Assignment 2: Classifier implementation

In this assignment, you will implement two algorithms to train classifiers: support vector machine and logistic regression. The main objectives of this assignment are first that you should get some experience of the practical considerations of implementing machine learning algorithms, and secondly that you should get a taste of how a typical machine learning paper looks.

Write Python code to implement the algorithms. Please also try to answer the exercise question. Send the code and the answer to the exercise by email to the lab instructor (luis.nieto.pina -at- svenska.gu.se). This assignment is solved individually.

Deadline: September 24

Preliminaries

Repeat the material from the lecture about linear classifiers (in particular the perceptron code near the end), and the the lecture about SVM and LR.

Have a look at the paper Pegasos: Primal Estimated sub-GrAdient SOlver for SVM, Shalev-Shwartz et al. (2010). You're free to skip the mathematical details, but please read the introduction and make sure you understand the pseudocode in Figure 1, which is what you will implement in this assignment. Here are some clarifications about the pseudocode:

In addition to the paper, I have written a separate document that explains the algorithm in more detail, and uses a notation more similar to what we have seen previously.

Exercise question

We are developing a simple system to predict the weather based on our location and the season. Here is a training set.

City:      Month:    | Weather:
--------------------------------
Gothenburg July      | rain
Gothenburg December  | rain
Paris      July      | sun
Paris      December  | rain

We build the system by training a perceptron from scikit-learn on this training set. We then test the classifier on the same set. As expected, the classifier correctly classifies all the instances in this set; after all, it's the same set we used to train it.

Now, we repeat this experiment using another training set. We train the classifier using the following examples and evaluate it using the same examples.

City:      Month:    | Weather:
--------------------------------
Sydney     July      | rain
Sydney     December  | sun
Paris      July      | sun
Paris      December  | rain

When we use this set, for some strange reason our classifier performs poorly! We can't improve it by switching to an SVM. Do you have an idea what's going on?

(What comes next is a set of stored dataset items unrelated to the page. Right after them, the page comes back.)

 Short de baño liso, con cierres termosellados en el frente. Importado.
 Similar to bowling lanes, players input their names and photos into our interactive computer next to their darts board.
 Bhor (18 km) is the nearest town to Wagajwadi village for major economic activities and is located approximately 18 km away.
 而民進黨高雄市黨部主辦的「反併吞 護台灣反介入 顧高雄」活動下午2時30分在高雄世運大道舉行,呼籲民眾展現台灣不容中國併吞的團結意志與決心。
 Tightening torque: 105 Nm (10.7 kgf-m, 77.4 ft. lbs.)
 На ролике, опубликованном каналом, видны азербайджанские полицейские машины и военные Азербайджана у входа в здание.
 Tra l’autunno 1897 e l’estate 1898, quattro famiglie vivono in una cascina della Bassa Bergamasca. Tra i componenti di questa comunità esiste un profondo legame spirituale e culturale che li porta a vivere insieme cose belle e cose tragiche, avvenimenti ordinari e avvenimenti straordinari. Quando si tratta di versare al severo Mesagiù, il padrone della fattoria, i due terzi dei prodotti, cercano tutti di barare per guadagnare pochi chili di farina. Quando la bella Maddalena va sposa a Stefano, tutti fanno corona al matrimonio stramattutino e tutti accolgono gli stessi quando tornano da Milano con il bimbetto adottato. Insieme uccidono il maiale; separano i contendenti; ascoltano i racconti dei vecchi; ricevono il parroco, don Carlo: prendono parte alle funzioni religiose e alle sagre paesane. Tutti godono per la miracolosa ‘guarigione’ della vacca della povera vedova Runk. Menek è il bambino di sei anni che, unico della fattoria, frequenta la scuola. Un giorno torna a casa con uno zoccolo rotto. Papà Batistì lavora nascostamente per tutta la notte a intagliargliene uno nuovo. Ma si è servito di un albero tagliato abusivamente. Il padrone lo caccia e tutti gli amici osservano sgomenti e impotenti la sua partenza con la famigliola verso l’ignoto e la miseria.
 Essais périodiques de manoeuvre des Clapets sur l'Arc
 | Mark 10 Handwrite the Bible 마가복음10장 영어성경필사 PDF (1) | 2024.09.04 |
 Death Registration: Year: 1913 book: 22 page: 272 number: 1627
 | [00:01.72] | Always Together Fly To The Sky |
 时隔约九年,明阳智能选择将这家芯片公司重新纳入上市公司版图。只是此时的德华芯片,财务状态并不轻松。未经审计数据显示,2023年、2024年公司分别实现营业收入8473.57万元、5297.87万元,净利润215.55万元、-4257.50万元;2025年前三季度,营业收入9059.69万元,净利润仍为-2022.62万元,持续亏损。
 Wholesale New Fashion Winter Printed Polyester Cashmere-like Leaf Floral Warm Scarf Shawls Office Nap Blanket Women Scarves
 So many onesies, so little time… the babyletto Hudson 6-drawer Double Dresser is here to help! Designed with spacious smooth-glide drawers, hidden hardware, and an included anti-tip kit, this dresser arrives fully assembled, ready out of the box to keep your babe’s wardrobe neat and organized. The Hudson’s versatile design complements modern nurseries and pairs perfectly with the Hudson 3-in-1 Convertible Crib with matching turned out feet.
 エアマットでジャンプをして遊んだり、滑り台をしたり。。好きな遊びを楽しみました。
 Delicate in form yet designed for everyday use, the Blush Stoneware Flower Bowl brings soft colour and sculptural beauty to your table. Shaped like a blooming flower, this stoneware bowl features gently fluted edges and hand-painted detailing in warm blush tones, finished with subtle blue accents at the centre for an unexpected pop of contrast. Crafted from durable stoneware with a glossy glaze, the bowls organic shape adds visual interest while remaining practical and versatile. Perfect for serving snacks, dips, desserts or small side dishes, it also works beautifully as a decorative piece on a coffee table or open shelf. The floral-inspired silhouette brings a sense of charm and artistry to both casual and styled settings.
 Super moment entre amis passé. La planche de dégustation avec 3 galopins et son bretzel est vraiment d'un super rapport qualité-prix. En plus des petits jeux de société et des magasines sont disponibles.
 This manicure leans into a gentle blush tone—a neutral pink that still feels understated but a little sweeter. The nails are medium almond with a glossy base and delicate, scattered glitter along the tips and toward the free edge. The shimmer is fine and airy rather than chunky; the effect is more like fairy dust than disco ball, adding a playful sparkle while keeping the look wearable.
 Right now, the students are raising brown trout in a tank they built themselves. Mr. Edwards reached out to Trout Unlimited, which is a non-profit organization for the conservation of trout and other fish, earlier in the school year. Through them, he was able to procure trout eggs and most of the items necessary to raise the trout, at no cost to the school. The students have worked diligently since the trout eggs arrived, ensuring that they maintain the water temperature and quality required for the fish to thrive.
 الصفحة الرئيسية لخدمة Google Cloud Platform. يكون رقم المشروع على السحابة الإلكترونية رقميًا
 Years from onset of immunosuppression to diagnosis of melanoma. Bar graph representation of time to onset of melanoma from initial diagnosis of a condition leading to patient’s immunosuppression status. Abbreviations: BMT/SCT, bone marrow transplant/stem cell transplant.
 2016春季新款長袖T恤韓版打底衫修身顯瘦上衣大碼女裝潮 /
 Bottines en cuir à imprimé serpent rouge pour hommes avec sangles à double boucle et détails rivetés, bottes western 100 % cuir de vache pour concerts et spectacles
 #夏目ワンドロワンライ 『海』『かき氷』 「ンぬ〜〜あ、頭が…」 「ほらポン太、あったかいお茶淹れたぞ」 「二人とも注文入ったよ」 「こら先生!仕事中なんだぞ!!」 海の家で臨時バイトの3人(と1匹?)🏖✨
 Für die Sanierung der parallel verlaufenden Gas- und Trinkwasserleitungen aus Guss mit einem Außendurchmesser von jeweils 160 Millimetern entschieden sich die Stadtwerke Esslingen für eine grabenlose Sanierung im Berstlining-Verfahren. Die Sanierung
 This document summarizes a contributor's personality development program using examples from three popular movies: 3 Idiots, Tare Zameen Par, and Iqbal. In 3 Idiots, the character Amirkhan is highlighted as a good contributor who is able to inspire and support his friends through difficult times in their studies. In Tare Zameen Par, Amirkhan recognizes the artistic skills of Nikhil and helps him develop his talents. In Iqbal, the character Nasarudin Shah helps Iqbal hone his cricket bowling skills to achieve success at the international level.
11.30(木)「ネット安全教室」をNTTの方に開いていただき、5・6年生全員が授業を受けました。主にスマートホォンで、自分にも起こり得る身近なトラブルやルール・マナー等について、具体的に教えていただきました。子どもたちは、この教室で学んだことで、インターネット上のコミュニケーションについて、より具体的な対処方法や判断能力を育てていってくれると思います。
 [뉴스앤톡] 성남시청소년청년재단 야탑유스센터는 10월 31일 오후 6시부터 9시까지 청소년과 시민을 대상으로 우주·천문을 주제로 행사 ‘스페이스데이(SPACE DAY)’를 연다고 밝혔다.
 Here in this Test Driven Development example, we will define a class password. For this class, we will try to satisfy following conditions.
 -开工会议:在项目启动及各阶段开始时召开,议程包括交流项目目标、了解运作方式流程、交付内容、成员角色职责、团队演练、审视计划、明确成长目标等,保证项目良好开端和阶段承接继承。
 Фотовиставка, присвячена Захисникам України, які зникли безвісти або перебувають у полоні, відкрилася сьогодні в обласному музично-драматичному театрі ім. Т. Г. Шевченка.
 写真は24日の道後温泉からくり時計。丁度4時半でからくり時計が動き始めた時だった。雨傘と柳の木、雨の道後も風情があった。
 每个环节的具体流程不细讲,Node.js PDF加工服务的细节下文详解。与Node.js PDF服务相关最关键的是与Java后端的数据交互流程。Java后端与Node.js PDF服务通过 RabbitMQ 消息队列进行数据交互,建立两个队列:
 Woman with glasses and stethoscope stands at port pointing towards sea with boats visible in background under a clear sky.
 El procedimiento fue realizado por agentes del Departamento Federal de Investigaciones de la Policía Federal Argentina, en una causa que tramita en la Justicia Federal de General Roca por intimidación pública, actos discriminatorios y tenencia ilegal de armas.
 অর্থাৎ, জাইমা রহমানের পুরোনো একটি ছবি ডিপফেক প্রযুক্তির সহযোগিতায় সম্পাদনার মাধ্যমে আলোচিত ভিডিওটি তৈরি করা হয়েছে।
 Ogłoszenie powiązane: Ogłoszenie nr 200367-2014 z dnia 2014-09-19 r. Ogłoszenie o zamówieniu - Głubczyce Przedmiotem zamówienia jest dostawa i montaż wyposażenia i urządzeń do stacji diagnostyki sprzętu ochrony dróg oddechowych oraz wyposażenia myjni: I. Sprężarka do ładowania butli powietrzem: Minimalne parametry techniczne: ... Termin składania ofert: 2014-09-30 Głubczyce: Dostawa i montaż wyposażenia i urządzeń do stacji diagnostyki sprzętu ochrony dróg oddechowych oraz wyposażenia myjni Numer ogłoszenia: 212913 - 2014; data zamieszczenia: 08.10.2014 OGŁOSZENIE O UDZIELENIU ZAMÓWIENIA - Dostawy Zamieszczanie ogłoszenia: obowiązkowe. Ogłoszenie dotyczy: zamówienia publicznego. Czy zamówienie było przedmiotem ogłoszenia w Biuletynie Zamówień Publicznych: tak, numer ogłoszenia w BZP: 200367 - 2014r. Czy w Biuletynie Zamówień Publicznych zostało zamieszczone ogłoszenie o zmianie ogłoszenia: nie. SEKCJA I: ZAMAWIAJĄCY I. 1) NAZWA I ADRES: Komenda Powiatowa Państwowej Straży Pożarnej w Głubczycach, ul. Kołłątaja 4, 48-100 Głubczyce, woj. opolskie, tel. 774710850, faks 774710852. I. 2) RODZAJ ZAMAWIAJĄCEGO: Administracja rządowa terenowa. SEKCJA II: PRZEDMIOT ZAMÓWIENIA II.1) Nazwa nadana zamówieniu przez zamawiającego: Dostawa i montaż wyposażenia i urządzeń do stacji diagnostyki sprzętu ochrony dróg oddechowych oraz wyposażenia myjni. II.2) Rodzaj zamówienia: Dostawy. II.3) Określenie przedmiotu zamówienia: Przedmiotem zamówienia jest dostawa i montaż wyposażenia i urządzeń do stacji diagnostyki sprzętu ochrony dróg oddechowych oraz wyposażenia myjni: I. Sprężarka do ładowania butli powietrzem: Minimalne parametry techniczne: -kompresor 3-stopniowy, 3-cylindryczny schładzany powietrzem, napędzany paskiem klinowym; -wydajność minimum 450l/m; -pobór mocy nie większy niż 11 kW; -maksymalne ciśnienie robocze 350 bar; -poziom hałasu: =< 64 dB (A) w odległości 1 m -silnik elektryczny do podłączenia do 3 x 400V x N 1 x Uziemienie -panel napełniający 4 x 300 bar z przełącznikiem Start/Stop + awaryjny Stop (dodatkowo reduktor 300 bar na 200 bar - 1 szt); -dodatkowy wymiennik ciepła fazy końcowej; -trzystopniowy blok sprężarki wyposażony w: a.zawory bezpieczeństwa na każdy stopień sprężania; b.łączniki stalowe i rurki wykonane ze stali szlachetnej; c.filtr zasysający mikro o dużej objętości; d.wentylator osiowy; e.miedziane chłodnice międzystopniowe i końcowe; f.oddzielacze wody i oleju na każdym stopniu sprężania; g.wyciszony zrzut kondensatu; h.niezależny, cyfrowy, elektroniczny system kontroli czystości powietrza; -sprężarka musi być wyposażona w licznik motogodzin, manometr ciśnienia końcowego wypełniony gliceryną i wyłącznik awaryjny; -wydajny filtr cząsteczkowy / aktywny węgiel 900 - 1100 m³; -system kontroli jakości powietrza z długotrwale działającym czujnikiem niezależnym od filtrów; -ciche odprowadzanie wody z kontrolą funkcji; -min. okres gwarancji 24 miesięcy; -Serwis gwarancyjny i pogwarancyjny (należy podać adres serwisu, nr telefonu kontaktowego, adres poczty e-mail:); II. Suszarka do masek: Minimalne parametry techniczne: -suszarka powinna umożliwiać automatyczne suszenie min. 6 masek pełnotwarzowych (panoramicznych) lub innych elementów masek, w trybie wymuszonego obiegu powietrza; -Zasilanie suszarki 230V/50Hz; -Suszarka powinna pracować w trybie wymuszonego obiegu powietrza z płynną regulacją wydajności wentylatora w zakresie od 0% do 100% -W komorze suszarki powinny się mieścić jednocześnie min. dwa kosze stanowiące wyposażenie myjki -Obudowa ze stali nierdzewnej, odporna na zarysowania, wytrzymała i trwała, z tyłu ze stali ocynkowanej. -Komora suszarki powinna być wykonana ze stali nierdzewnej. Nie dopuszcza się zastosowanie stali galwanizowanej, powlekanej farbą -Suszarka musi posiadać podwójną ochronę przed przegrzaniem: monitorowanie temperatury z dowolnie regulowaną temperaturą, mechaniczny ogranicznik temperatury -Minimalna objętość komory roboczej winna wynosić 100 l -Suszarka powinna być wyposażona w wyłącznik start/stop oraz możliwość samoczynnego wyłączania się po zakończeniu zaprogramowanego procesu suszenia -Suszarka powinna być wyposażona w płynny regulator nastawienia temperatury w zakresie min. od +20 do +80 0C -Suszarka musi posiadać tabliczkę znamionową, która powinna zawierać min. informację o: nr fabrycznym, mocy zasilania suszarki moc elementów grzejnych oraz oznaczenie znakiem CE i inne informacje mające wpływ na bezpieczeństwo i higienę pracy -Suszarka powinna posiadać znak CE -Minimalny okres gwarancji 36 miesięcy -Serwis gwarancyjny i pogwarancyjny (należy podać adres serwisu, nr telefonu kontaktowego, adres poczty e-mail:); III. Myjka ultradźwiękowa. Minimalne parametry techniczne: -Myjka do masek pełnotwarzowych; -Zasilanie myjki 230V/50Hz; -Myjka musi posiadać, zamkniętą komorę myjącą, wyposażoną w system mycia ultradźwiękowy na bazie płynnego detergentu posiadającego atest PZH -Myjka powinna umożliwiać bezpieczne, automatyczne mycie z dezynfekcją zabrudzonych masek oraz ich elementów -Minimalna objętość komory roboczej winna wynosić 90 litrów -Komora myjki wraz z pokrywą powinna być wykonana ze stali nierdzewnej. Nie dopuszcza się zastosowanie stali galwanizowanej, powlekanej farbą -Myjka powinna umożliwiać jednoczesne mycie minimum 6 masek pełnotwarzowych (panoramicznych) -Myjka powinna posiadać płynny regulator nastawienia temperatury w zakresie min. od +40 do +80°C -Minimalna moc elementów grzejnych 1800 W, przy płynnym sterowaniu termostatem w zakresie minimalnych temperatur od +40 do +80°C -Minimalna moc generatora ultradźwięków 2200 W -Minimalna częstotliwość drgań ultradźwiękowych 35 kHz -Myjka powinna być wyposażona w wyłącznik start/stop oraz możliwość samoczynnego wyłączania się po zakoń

Here is the Python code if you want to try the experiment yourself.

Introduction

Download and unpack this zip file. The package contains the perceptron code presented during the second lecture (lecture2.py). It also contains a program (doc_classification.py) that trains and evaluates the perceptron implementation using the review dataset that we've used previously.

Run the experiment code and make sure it works on your machine.

Your tasks

Implementing the SVM

Implement the Pegasos algorithm for training SVMs by converting the pseudocode in Figure 1 into proper Python. Test your implementation by using your own classifier instead of the perceptron in doc_clasification.py. It's probably easiest if you start from the code we saw during the lecture, in particular the class called NewPerceptron2.

You can try to find good values for the parameters T and λ. In my experiments, I set T to 10 times the size of the training set (roughly equivalent to 10 perceptron iterations) and λ to 0.01, which gave a classification accuracy that was slightly higher than that of the perceptron.

Logistic regression

As we saw in the lecture, the logistic regression classifier can be stated similarly to the SVM. The difference is just in which loss function is used: the SVM uses the hinge loss and LR the log loss.

Take a look at the table on page 15 in the Pegasos paper. The first line shows the hinge loss and the corresponding update operation that is carried out in each step in the algorithm.

Make a new training algorithm that uses the log loss (the second line) instead of the hinge loss. See how well it works compared to your previous classifier.

Optional tasks

Using sparse vectors

Our implementation is slow and wasteful in terms of memory if we use a lot of different features (which is common in NLP). With sparse vectors, this can be improved. Follow the example of SparsePerceptron in the lecture code and implement sparse versions of the SVM and LR algorithms.

In addition, remove the SelectKBest step from the pipeline and check the difference.

Hint. The helper function sparse_dense_dot(x, w) is used to carry out a dot product between a sparse vector x and a dense vector w, while add_sparse_to_dense(x, w, xw) is the counterpart of the operation w += xw * x.

Speeding up the scaling operation

At some places in the pseudocode, the whole weight vector is scaled by some factor. This can be a slow operation if our training set consists of high-dimensional, sparse vectors. Read section 2.4 about a trick for speeding up the scaling operation. Implement the learning algorithm so that it uses this trick.